For the most part, Maxwell Perkins’s duties as an editor were limited to proofreading galleys–long printed sheets, each containing the equivalent of three book pages–and to other perfunctory chores. Occasionally he was called upon to correct the grammar in a gardening book or arrange the selections in school anthologies of classic short stories and translations of Chekhov. The work demanded little creativity. (12)

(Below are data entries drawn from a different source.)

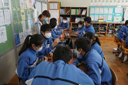 3Cは英語です。分詞や関係代名詞を使った、ものの説明です。手始めとしてThis is something that〜につなげる文を考えていきます。その後グループになり、説明文をつくっていきます。
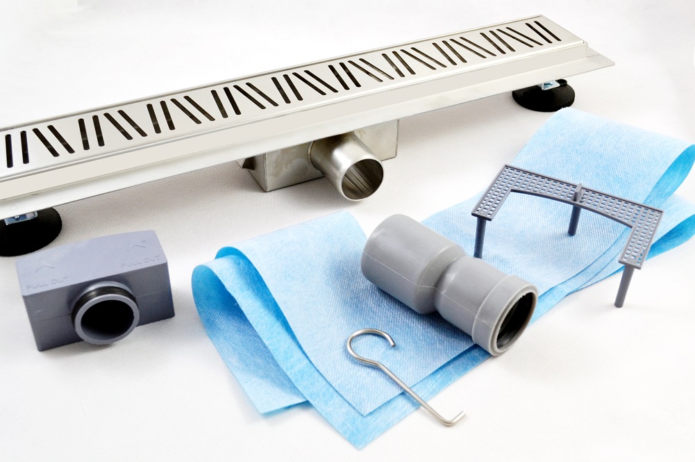 Лінійний дренаж з кришкою (5 конструкцій на вибір) з амортизаційні бампери. Розмір дренажу 80 см х 7 см, додатково фланець 2 см з кожного боку, виготовлений з нержавіючої сталі SUS304, товщиною 1,2 мм (злив) і 1,5 мм (кришка)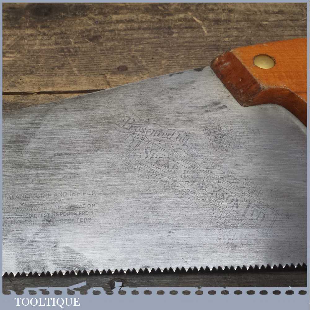 Vintage Spear and Jackson No: 88 Superior panel saw approx 10 tpi and 22” long. The saw is sharp and straight and in good overall condition.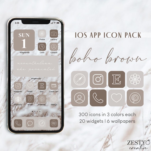 Boho Brown Ios App Icon Pack 300 Einzigartige Symbole In Etsy De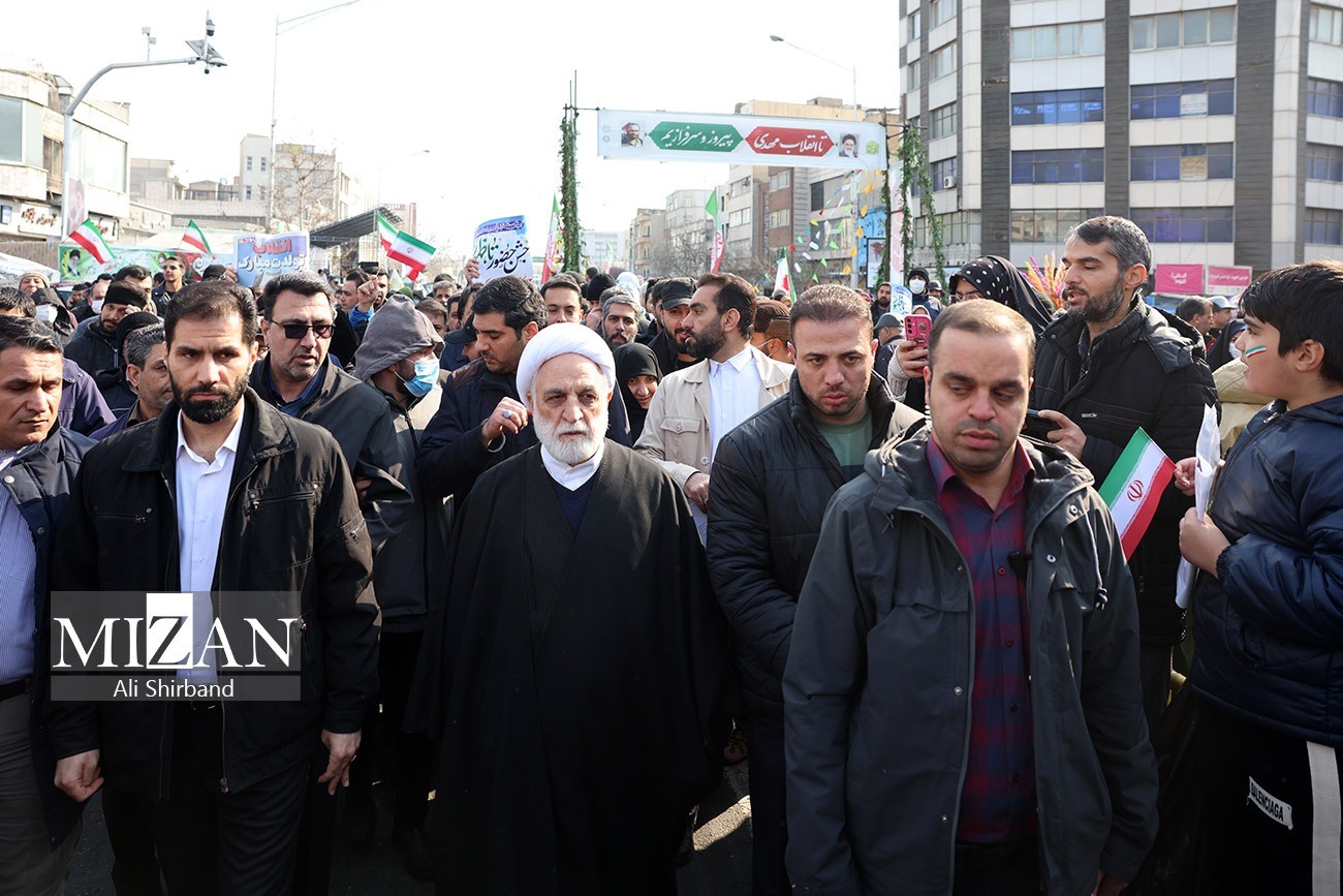 Mohseni Ejei participated in a huge and passionate march of various sections of the people of Tehran this morning, Monday, 22th Bahman, coinciding with the 46th anniversary of the glorious victory of the Islamic Revolution.

But then here’s what happened. A regular Scribner author named Shane Leslie became friends with a young author from Minnesota. Leslie sent this young author’s manuscript to the editors at Scribner. It got passed from editor to editor (no one liked it) until it ended up on Perkins’s desk. While he liked it, he was forced to write to the author and decline it (the lowly proofreading editor didn’t have much sway at first). But Perkins saw something in the young man’s writing, and the rejection letter held out some hope and encouragement to the young man who went to work revising and revising and revising.

The manuscript came back much improved, and Perkins went to work doing everything he could (and it was a lot) to get Scribner’s to publish it. At one tense editorial meeting, he said, “My feeling is that a publisher’s first allegiance is to talent. And if we aren’t going to publish talent like this, it is a very serious thing” (15-16).

The young author was F. Scott Fitzgerald. The book was This Side of Paradise (Scribner’s 1920).

What about The Great Gatsby? More on that next week.

Suffice it to say, Maxwell Perkins is my new editorial hero. And I’m his newest student.